Each member of this cast of fifteen has a moment to shine in the spotlight, bringing singular and collective voices and wonderfully idiosyncratic personalities to their parts (many playing multiple roles). Particularly outstanding among the others not yet mentioned is Travis Leland as Ben, a gramophone salesman who pushes his new trade with almost as much zest and zeal as he does his attraction to Bella. His beautiful Jewish tenor joins a recorded Irish tenor (Benjamin Pither) after he winds up the gramophone to play and sing "For My Mary," a number that delights those gathered on stage and all of us listening from the audience.

The music that soars and shines throughout this sensational score is made all the more magnificent through the musical direction of William Liberatore as he conducts both singers and an orchestra of ten. The monumental scope of the story is fully supported and much enhanced by a multi-level, on-the-move set design by Joe Ragey that captures the feeling of dark, crowded tenement streets, apartments and factories as well as the electric excitement of a city full of lights, avenues, and bustling adventure. The sets are given their full due through the lighting design of Pamila Z. Gray; and the sounds of a turn-of-the-century city are authentically reproduced through the inventive skills of Jeff Mockus.

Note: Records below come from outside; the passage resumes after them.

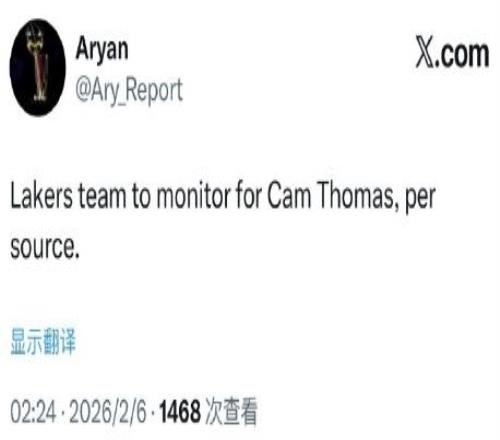 NBA記者Aryan:湖人密切關注卡梅倫-托馬斯!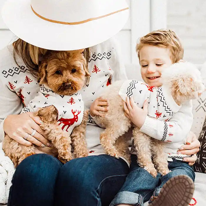 This Dog Threads Sweater Features The Perfect Amount Of Holiday Cheer. Classic holiday Sweater For Dogs And People, Featuring Red And Navy vintage-inspired accents.
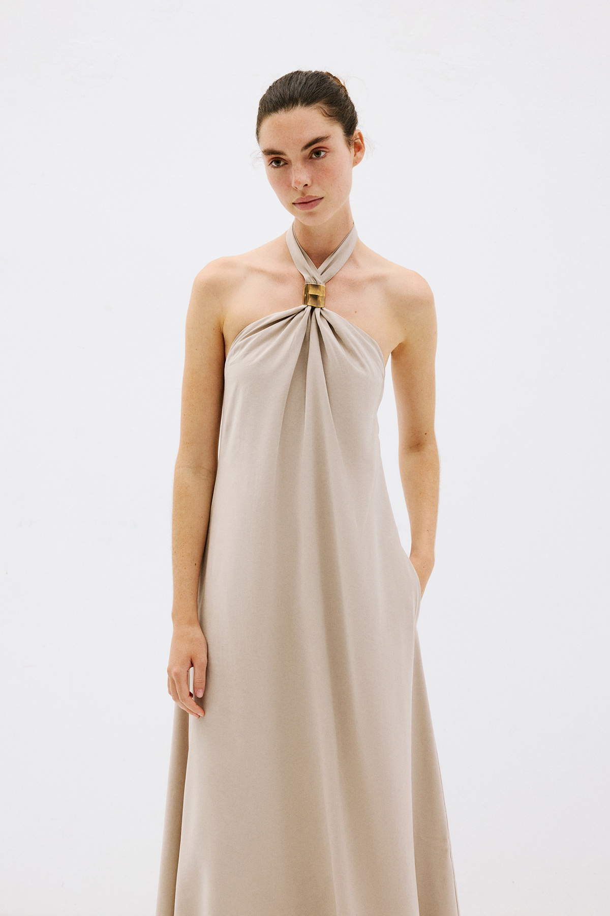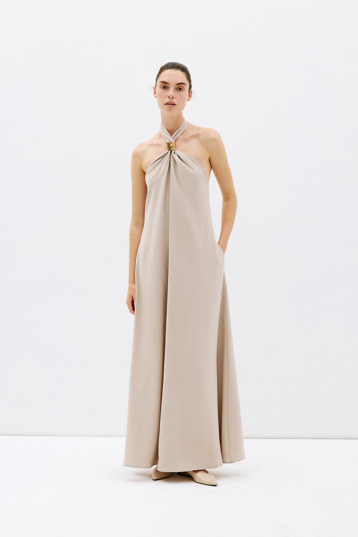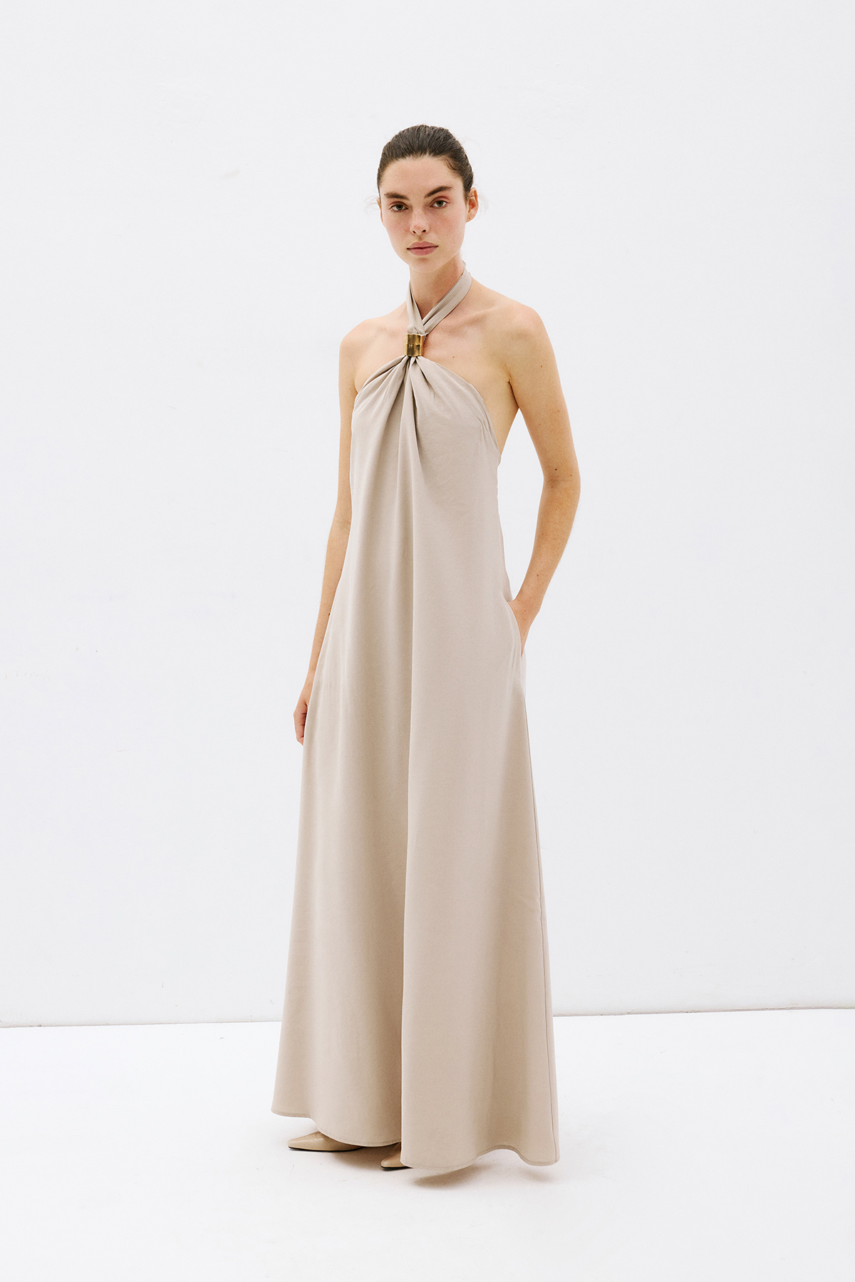 Çapraz yaka, aksesuar detaylı, bol kesim, cepli, sırt dekolteli maxi boy ebise.

As she always does, Fumiko Bielefeldt has outdone herself in creating an era through costumes that define the people as unique individuals and as notable representatives of a long-past generation. The dances of the times—both American and those brought from Eastern Europe—have been masterfully choreographed by Dottie Lester White and add much fun and eye-popping value to the evening.

There are not adjectives enough to describe the heart and genius Robert Kelley has brought to his direction of this big, complex musical that flows on the stage in a stream of scenes that never pause, never confuse, never falter. But it is his insight to include a surprise element at the musical's climax that speaks to the master he truly is of overall design and message. That this is a story over one hundred years old may be true, but that it still rings with contemporary relevance—now more than ever—becomes strikingly clear by a director's subtle touch. A sustained, standing ovation is well due the director, this cast, and the entire creative team for a Rags that sings and soars of yesterday's America, for today's America.

Rags continues through April 30, 2017, at at the Mountain View Center for the Performing Arts, 500 Castro Street, Mountain View. Tickets are available online at www.theatreworks.org or by calling 650-463-1960, Monday - Friday 11 a.m. - 6 p.m. and Saturday - Sunday, Noon - 6 p.m.